Antrag: Katzenschutzverordnung (Stadträt*innen Anne Vollerthun, Susanne Scheidereiter, Andreas Geisler)

Gemeinsamer Antrag vom 16. Mai 2025

Link zum Antrag VIII-A-01247 im Ratsinformationssystem

Beschlussvorschlag

Der Stadtrat beauftragt den Oberbürgermeister sich bei der neu gewählten Landesregierung dafür einzusetzen, eine landesweite Katzenschutzverordnung einzuführen und in Leipzig ersten Maßnahmen zur Umsetzung zu treffen.

Diese Katzenschutzverordnung soll beinhalten:

  1. eine Kennzeichnungs- und Registrierungspflicht, jede Katze soll mit einem Mikrochip sicher gekennzeichnet werden und die Daten sollen bei einer zentralen Datenbank ( aktuell Findefix oder Tasso aber auch die Datenbank des Freistaates für Nutztiere wäre denkbar ) sicher registriert werden. Damit hätte jede Katze quasi einen Pass und man kann vermisste oder gefundene Tiere schnell und sicher zuordnen und so kann Missbrauch verhindert werden.
  2. Kastration, alle Katzen und Kater die frei herumlaufen oder zeitweise Freigang haben sollen kastriert sein um unkontrollierte Vermehrung zu verhindern. Das ist zum einen gelebter Tierschutz, ist aber auch zur Reduzierung freilebender Katzenpopulationen von großer Bedeutung. Nach einer ausführlichen Debatte im Tierschutzbeirat sprechen wir uns für Kastrationen im Alter von mindestens 6 Monaten und gegen Frühkastrationen aus.

Der Oberbürgermeister wird beauftragt, parallel in Leipzig die Vorbereitungen für eine Katzenschutzverordnung zu treffen und sollte der Freistaat Sachsen als einziges Bundesland nicht in absehbarer Zeit anfangen das Katzenleid zu vermindern hier in Leipzig ein Pilotprojekt für Sachsen zu schaffen.

Begründnung

Im Freistaat Sachsen aber auch in Leipzig gibt es viele wildlebende Katzen! Nach Berichten vieler Tierschützer, Tierschutzvereine aber auch des Tierheimes geht es den Tieren oft schlecht. Auch wenn das Problem in Leipzig nicht auf den ersten Blick sichtbar ist und durch Kastrationsbemühungen der Stadt ( siehe Link unten ) scheinbar im Griff ist, werden wir es so nicht wirklich beherrschen können.

Diese oft als Streuner bezeichneten Katzen leiden häufig unter Nahrungsmangel, Schwäche, Verletzungen, Krankheiten oder Parasitenbefall.
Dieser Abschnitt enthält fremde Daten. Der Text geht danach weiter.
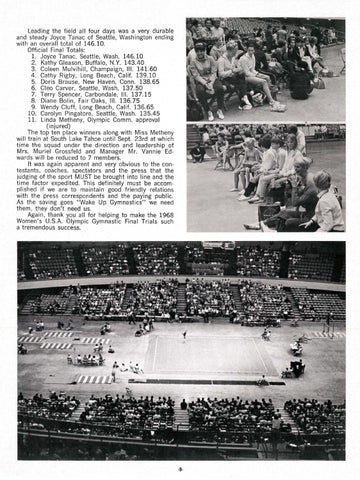 Leading the field all four days was a very durable and steady Joyce Tanac of Seattle, Washington ending with an overall total of 146.10. Official Final Totals: 1. Joyce Tanac , Seattle, Wash. 146.10 2. Kathy Gleason , Buffalo , N.Y. 143.40 3. Coleen Mulvihill, Champaign, III. 141.60 4. Cathy Rigby, Long Beach, Calif. 139.10 . 5. Doris Brause, New Haven, Conn. 138.65 6. Cleo Carver, Seattle, Wash. 137.50 7. Terry Spencer, Carbondale, III. 137. 15 8. Diane Bolin, Fair Oaks, III. 136.75 9. Wendy Cluff, Long Beach, Calif. 136.65 10. Carolyn Pingatore, Seattle, Wash. 135.45 11. Linda Metheny, Olympic Comm . approval (injured) The top teh place winners along with Miss Metheny will train at South Lake Tahoe until Sept. 23rd at which time the squad under the direction arid leadership of Mrs. Mu riel Grossfeld and Manager Mr. Vannie Ed wards will be reduced to 7 members. It was again apparent and very obvious to the contestants , coaches , spectators and the press that the judging of the sport MUST be brought into line and the time factor expedited. This definitely must be accomplished if we are to maintain good friendly relations with the press correspondents and the paying public. As the saving goes "Wake Up Gymnastics" we need them , they don't need us. Again, thank you all for helping to make the 1968 Women 's U.S.A. Olympic Gymnastic Final Trials such a tremendous success.
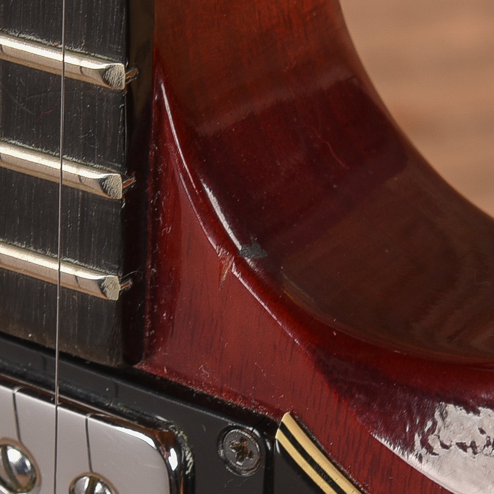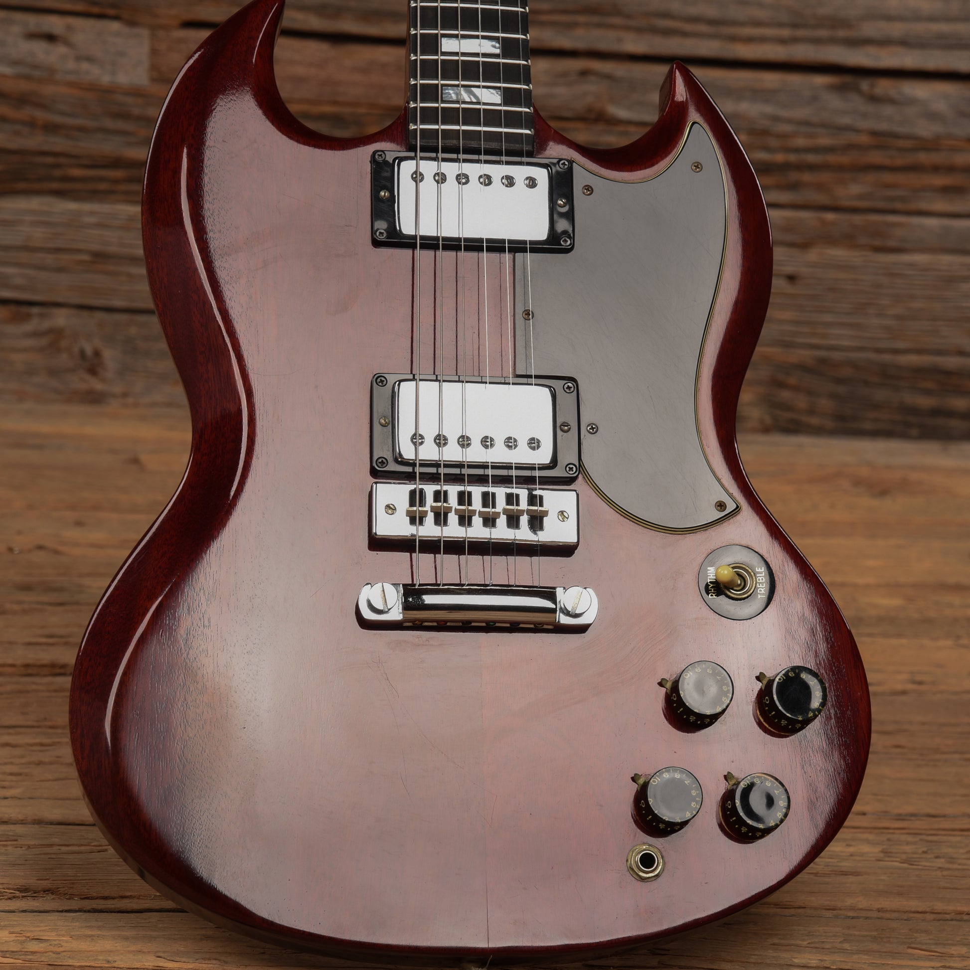 | Tech Notes: | This SG plays well with low action and optimal neck relief. The frets are tall and show moderate wear. The guitar is being dated to 1974 based of the serial number and pot codes. |

Die Bundesgesetzgebung stellt im § 13b Tierschutzgesetz geeignete Mittel in Form einer Katzenschutzverordnung bereit zum Schutz der Tiere. Eine Katzenschutzverordnung kann und wird ( so belegt in allen Ländern und Kommunen die das umgesetzt haben ) das Leid der Tiere massiv mindern und der Überlastung der Tierschutzeinrichtungen und der Tierheime entgegen wirken. Der Freistaat Sachsen ist nach unserer Kenntnis das einzige Bundesland, welches diese Möglichkeit aktuell nicht nutzt und damit die ehrenamtlichen Tierschützer nicht mit Rechtssicherheit bei ihrer Tätigkeit unterstützt.

Weil eine Insellösung keine wirkliche Lösung darstellt und sie die Probleme an den Gemarkungsgrenzen verstärken würde plädieren Tierschützer und viele Mitglieder des Tierschutz Beirates der Stadt Leipzig für eine Einführung einer sachsenweiten Katzenschutzverordnung des Landes.

Es gibt viele Bundesländer aber auch große Städte die mit gutem Beispiel vorangehen und sich aufgemacht haben dieses Tierleid zu beenden. Lassen Sie uns gemeinsam auch für Sachsen und Leipzig aktiv werden.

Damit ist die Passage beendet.